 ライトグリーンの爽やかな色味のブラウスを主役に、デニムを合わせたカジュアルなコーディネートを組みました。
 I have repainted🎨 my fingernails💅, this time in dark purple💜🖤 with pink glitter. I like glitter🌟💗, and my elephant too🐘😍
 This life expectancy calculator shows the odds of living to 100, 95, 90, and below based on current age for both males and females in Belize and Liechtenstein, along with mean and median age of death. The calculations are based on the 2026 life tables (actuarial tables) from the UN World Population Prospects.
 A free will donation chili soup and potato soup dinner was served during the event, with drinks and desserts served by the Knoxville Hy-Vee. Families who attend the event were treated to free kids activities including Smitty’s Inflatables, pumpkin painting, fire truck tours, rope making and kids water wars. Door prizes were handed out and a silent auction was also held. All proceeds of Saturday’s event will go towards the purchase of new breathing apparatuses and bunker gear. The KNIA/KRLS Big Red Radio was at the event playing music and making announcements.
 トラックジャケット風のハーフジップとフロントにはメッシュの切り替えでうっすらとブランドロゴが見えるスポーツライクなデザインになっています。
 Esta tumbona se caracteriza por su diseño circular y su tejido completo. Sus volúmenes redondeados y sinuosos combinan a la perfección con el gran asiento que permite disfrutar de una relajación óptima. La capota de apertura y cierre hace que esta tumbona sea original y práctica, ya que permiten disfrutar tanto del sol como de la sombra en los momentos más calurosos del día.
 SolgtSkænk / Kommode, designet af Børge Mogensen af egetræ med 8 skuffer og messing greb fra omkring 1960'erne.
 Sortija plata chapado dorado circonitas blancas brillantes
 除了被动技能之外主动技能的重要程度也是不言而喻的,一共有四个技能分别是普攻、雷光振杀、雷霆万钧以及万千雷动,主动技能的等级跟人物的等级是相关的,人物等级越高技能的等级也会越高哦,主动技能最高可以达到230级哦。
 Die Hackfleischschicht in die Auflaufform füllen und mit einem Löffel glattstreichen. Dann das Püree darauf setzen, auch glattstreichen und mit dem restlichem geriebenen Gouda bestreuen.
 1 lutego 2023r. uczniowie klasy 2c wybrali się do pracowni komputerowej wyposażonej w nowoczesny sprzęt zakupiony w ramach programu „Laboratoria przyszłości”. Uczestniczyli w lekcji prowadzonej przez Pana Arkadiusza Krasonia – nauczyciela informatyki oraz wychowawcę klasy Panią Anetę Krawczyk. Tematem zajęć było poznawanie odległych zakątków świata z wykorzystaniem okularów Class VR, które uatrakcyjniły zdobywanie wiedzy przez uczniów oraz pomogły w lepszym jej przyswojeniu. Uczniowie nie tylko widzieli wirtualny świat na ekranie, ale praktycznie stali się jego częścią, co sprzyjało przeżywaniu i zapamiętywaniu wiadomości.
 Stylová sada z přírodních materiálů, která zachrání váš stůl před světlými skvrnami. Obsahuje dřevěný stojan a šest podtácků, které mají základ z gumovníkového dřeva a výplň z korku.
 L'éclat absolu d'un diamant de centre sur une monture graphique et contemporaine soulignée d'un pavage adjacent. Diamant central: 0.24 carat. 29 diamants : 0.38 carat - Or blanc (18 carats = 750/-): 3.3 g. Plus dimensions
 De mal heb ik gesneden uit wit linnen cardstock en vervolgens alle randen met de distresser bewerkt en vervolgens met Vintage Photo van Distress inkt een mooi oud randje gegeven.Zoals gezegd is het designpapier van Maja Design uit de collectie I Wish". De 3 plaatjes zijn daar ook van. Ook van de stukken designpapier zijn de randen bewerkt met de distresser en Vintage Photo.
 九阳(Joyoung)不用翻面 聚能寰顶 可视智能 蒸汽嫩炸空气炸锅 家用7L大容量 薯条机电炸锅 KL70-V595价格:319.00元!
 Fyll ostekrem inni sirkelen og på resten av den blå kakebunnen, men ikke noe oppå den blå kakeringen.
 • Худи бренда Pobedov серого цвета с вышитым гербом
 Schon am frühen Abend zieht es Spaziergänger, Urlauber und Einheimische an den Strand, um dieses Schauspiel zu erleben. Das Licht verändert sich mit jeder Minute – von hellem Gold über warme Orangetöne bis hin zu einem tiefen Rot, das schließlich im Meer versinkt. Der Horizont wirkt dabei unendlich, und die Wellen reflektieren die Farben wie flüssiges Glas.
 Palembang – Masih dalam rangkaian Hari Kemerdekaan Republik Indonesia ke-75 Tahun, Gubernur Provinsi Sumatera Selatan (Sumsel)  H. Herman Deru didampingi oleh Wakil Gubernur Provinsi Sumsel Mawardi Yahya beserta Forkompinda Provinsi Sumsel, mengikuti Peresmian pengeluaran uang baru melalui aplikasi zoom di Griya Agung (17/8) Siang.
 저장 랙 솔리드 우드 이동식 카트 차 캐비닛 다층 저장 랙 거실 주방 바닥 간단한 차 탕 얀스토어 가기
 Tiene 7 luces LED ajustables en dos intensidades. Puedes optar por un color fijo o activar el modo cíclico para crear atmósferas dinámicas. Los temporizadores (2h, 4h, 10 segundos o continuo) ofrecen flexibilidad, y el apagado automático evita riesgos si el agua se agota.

☆ ☆ ☆ ☆

» **Assignment**
Once you find the line with "A free will" in the entries above, output it and each line after it up to and including the line with "Die Hackfleischschicht in", and nothing else.

» **Your response**
 A free will donation chili soup and potato soup dinner was served during the event, with drinks and desserts served by the Knoxville Hy-Vee. Families who attend the event were treated to free kids activities including Smitty’s Inflatables, pumpkin painting, fire truck tours, rope making and kids water wars. Door prizes were handed out and a silent auction was also held. All proceeds of Saturday’s event will go towards the purchase of new breathing apparatuses and bunker gear. The KNIA/KRLS Big Red Radio was at the event playing music and making announcements.
 トラックジャケット風のハーフジップとフロントにはメッシュの切り替えでうっすらとブランドロゴが見えるスポーツライクなデザインになっています。
 Esta tumbona se caracteriza por su diseño circular y su tejido completo. Sus volúmenes redondeados y sinuosos combinan a la perfección con el gran asiento que permite disfrutar de una relajación óptima. La capota de apertura y cierre hace que esta tumbona sea original y práctica, ya que permiten disfrutar tanto del sol como de la sombra en los momentos más calurosos del día.
 SolgtSkænk / Kommode, designet af Børge Mogensen af egetræ med 8 skuffer og messing greb fra omkring 1960'erne.
 Sortija plata chapado dorado circonitas blancas brillantes
 除了被动技能之外主动技能的重要程度也是不言而喻的,一共有四个技能分别是普攻、雷光振杀、雷霆万钧以及万千雷动,主动技能的等级跟人物的等级是相关的,人物等级越高技能的等级也会越高哦,主动技能最高可以达到230级哦。
 Die Hackfleischschicht in die Auflaufform füllen und mit einem Löffel glattstreichen. Dann das Püree darauf setzen, auch glattstreichen und mit dem restlichem geriebenen Gouda bestreuen.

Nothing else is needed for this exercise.